(Collected data entries)

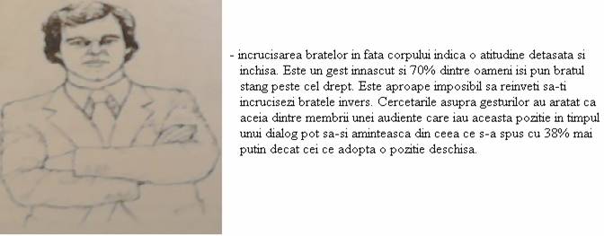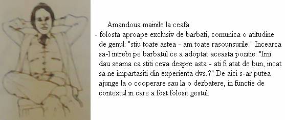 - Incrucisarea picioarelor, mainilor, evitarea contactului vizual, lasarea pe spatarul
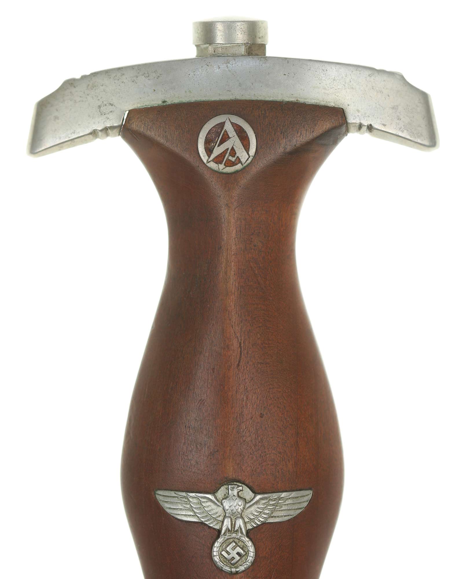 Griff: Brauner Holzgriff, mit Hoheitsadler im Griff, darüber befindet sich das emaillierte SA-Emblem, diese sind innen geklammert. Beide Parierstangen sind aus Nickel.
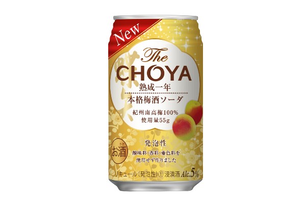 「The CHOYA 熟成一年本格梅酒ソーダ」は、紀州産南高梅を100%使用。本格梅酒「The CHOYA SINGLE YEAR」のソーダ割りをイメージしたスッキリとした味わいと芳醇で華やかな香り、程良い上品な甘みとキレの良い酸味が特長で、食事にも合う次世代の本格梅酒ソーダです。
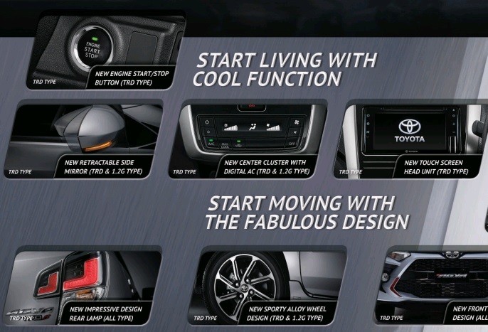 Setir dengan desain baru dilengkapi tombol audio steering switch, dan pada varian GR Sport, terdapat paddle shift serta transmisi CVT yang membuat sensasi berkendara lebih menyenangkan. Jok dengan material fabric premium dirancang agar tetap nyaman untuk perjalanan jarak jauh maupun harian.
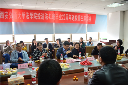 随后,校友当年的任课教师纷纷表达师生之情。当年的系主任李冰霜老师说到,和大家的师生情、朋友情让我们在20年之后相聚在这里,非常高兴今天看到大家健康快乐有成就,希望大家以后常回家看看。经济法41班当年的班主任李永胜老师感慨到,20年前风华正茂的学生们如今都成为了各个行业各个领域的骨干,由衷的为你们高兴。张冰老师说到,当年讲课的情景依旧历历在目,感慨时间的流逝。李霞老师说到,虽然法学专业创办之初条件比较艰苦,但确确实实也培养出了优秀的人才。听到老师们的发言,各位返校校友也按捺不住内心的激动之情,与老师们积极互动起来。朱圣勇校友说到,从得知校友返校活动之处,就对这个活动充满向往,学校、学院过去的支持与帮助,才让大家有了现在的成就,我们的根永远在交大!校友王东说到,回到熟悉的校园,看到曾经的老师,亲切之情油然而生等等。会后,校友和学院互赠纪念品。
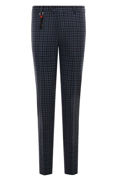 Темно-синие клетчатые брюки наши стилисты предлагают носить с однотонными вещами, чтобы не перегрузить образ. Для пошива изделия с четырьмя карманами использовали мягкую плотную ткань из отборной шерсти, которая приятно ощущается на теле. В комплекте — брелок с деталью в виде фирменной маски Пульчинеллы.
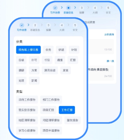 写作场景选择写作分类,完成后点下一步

ACTIVITY: Pictures do not belong in the copy. Repeat only the lines from the top of the records through the line containing "CHOYA 熟成一年本格梅酒ソーダ」は、紀州産南高梅を100%使用。本格梅酒「The CHOYA".

RESPONSE TO THE EXERCISE:
 - Incrucisarea picioarelor, mainilor, evitarea contactului vizual, lasarea pe spatarul
 Griff: Brauner Holzgriff, mit Hoheitsadler im Griff, darüber befindet sich das emaillierte SA-Emblem, diese sind innen geklammert. Beide Parierstangen sind aus Nickel.
 「The CHOYA 熟成一年本格梅酒ソーダ」は、紀州産南高梅を100%使用。本格梅酒「The CHOYA SINGLE YEAR」のソーダ割りをイメージしたスッキリとした味わいと芳醇で華やかな香り、程良い上品な甘みとキレの良い酸味が特長で、食事にも合う次世代の本格梅酒ソーダです。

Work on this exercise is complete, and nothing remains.